Estudo sobre a situação do serviço público de transporte coletivo intermunicipal de passageiros na região Metropolitana de Porto Alegre revelou o risco de colapso do sistema que hoje é utilizado por milhares de trabalhadores de hospitais, escolas, segurança, construção civil, do comércio e de outros setores que se deslocam entre as cidades do entorno de Porto Alegre até a capital.
Segundo o levantamento, coordenado pelo economista Gustavo Inácio de Moraes, doutor em Economia Aplicada e professor da PUCRS, esse tipo de transporte encolheu de forma acentuada nos últimos anos. Antes da pandemia para cá, apontou a análise, o número de passageiros caiu de 89 milhões, em 2019, para 51 milhões em 2024, queda de 43%.
Analisando as últimas duas décadas, a queda é ainda maior.
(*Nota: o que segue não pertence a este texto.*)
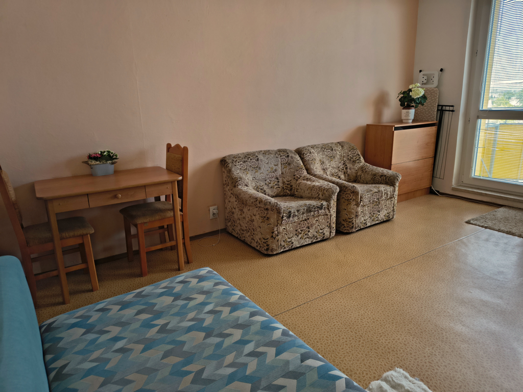Dispozice bytu nabízí vstupní chodbu s dostatkem prostoru pro skříně, zděnou koupelnu se sprchovým koutem, toaletou, umyvadlem a prostorem pro pračku. Hlavní obytný prostor je řešen jako obývací pokoj s kuchyňským koutem a přímým vstupem na balkon, který poskytuje příjemný, ničím nerušený výhled. Byt se prodává včetně vybavení, což umožňuje okamžité využití bez dalších investic.
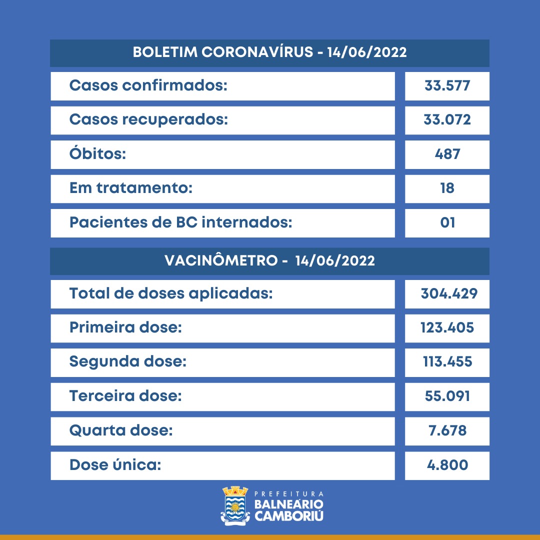 Neste terça-feira (14), Balneário Camboriú registrou 15 novos casos confirmados de Coronavírus. O município chega a 33.577 casos, sendo que 33.072 destes (98,4%) já estão recuperados e receberam alta. Permanecem em tratamento 18 pacientes, sendo 17 em domicílio e um internado.

A redução foi de 65%, já que em 2006, 144 milhões de pessoas, entre pagantes e não pagantes, utilizaram os ônibus intermunicipais que ligam os municípios da Grande Porto Alegre à Capital.
Custos em alta, receitas em queda
A queda na demanda ocorreu em paralelo a um aumento dos custos do sistema. Entre 2020 e 2024, o custo total por passageiro puxado pela alta de combustíveis, insumos, reajustes nos salários e manutenção, foi 13,6% superior à receita por passageiro. Essa situação criou um desequilíbrio que compromete a sustentabilidade da operação. Dessa forma, a defasagem total do sistema apontou perda acumulada de R$ 51,5 milhões somente em 2024. Esses valores são referentes somente à reposição da operação, sem considerar os investimentos necessários.
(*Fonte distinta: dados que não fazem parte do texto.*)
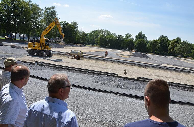 Viele Jahre lang war die Schulsportanlage der Stadt ein Sorgenkind. Jetzt wird sie aufpoliert. Zurzeit wird mit viel Aufwand ein Kunstrasenplatz angelegt, den sich die Mitglieder des Bausenats bei einem Ortstermin anschauten. Von Rasen ist allerdings noch nichts zu sehen.
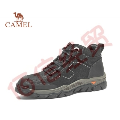 骆驼(CAMEL)男鞋高帮鞋男户外运动休闲工装靴皮短靴厚底男靴子 7014,黑色,男款 38 自营
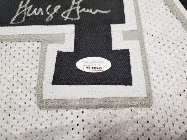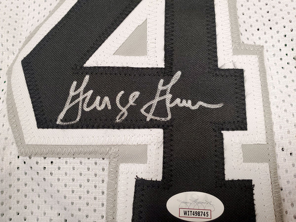 This is a White Jersey that has been hand signed by George Gervin. This is a custom jersey with no name brand. The approximate size is XL. It has nice sewn in name and numbers. This item has been certified authentic by JSA and comes with their tamper-proof sticker and matching certificate of authenticity.
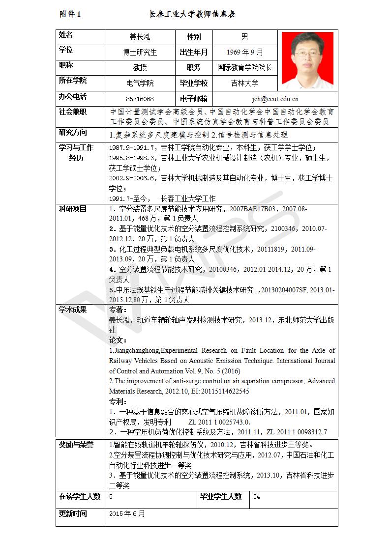 姜长泓教授,博士,现为太阳集团tyc151cc学科带头人,国际教育公司经理;长期工作在教学、科研一线,1996年任讲师,2001年任副教授,2004年破格晋升教授;吉林省第八届青年科技奖获得者、国家科技支撑计划课题负责人、吉林省第四批拔尖创新人才(第三层次)、长春市第五批有突出贡献专家、长春市第二届“百名优秀科技工作者”。目前担任中国自动化学会中国自动化学会教育工作委员会委员、中国系统仿真学会教育与科普工作委员会委员、中国计量测试学会高级会员。
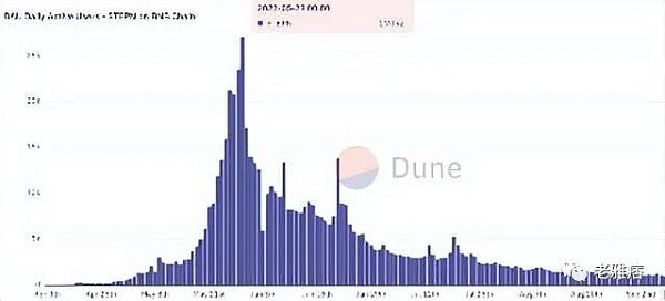 StepN 在 bsc 上的日活跃地址数,从6月的2.7万降到1千,降幅超过90%。

Segundo o presidente da ATM, entidade que reúne as prestadoras do serviço público de transporte intermunicipal da RMPA, José Antônio Ohlweiler, esse montante, se tivesse sido compensado por meio de aportes do Governo do Estado, que é o poder concedente, como prevê a lei da mobilidade urbana, daria um fôlego para que o sistema pudesse garantir um reequilíbrio e, a partir disso, tentasse retomar as condições de investimento e recuperação da frota — hoje limitada justamente pela falta de recursos. “É importante frisar que, mesmo assim, com todas essas dificuldades e essa perda acumulada que ameaça o sistema, nunca deixamos de cumprir com as obrigações em termos de linhas e horários, sempre sob fiscalização da Metroplan e regulação da AGERGS”, pontua Ohlweiler.
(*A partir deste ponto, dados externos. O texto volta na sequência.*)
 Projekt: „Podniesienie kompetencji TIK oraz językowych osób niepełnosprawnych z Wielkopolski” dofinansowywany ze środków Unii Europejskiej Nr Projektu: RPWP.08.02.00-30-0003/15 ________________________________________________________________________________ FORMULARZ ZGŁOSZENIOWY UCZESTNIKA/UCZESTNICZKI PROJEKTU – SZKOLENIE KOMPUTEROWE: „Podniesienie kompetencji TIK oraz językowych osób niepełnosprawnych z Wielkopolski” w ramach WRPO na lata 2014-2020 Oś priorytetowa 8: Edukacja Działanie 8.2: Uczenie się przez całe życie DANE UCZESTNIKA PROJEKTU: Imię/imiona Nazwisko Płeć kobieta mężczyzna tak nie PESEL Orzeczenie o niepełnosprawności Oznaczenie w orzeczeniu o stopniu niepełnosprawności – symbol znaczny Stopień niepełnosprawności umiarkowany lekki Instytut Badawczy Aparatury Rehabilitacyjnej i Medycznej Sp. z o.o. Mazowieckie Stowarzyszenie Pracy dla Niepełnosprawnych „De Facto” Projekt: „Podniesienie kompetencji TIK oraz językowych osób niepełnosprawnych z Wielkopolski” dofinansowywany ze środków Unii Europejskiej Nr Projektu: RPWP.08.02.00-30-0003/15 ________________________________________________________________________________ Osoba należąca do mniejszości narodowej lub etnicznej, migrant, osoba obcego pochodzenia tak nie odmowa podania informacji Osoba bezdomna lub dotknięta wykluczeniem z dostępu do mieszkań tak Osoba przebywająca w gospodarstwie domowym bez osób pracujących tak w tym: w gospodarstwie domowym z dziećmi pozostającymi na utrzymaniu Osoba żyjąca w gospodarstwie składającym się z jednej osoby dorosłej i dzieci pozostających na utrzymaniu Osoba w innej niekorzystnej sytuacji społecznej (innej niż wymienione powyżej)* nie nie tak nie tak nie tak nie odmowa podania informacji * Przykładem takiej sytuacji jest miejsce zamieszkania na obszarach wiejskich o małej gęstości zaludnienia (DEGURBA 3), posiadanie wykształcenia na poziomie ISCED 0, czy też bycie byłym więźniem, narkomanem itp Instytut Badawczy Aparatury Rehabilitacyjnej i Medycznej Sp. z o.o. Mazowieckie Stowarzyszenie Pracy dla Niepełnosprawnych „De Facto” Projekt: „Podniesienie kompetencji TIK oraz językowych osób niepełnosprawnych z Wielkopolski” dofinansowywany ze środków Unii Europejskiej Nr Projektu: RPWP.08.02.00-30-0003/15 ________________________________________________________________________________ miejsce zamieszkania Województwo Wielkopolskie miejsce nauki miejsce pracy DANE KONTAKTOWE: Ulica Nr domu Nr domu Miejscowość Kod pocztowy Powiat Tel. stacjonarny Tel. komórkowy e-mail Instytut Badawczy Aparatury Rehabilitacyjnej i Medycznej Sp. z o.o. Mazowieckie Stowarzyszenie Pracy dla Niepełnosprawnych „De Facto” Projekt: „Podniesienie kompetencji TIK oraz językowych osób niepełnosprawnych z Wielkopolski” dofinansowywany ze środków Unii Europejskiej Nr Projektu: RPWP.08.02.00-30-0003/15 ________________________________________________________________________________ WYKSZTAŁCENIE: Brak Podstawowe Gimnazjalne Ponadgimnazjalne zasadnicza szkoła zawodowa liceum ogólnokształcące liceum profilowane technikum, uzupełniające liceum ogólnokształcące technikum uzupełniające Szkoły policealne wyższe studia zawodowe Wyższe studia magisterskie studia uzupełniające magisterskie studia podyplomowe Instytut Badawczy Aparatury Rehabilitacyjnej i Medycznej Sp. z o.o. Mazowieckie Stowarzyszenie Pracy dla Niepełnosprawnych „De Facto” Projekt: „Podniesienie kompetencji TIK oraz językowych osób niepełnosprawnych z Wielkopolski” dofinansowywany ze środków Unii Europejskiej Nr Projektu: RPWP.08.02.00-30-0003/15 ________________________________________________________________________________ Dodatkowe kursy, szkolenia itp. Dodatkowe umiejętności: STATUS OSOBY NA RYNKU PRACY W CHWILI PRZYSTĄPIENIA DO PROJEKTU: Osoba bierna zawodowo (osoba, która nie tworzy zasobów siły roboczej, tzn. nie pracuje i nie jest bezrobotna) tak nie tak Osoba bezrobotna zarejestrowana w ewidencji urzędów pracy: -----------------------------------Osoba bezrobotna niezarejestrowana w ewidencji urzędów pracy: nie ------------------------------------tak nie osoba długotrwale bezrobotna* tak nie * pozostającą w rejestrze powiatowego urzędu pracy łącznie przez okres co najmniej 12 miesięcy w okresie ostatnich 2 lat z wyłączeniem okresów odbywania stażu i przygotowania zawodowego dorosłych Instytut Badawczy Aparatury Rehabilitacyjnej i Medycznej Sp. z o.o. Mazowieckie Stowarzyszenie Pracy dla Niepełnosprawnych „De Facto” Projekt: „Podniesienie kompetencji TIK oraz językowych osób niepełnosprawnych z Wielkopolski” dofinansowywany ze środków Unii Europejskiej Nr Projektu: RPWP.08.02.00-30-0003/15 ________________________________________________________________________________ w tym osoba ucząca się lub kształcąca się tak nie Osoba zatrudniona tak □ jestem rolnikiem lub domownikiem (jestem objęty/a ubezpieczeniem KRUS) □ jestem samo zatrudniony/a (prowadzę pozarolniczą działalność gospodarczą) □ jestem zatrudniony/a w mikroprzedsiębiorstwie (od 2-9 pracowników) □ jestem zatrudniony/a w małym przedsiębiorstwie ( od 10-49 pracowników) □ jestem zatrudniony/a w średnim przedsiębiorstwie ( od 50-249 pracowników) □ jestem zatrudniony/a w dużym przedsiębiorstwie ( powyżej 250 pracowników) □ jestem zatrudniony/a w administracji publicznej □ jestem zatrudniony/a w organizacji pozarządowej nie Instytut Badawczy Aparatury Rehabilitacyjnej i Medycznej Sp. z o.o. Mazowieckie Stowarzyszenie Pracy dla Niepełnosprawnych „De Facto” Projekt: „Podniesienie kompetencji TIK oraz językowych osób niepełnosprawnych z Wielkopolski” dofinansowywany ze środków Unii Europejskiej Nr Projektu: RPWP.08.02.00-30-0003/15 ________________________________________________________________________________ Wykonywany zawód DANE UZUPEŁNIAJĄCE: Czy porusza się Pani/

O exemplo de outras regiões
A dificuldade em manter o equilíbrio econômico do transporte metropolitano não é um caso isolado do Rio Grande do Sul. Em diferentes estados e capitais, a solução tem vindo por meio de políticas públicas permanentes de subsídio para evitar que o custo seja repassado ao usuário do transporte com o encarecimento das tarifas e garantir que o sistema continue operando sem riscos de um colapso. Inclusive, em Porto Alegre houve mudança na forma de remuneração dos concessionários, visando a garantir a cobertura dos custos quilométricos do sistema. No Rio Grande do Sul, o Governo do Estado, apesar de ter concedido alguns subsídios específicos, ainda não estabeleceu mecanismos permanentes de subsídio ao sistema.
Em Brasília, por exemplo, o governo local injeta quase R$ 1 bilhão por ano no sistema, cobrindo cerca de 75% dos custos. A medida permitiu congelar a tarifa desde 2020 e manter uma frota renovada, que transporta mais de 1 milhão de passageiros diariamente entre a capital federal e o Entorno.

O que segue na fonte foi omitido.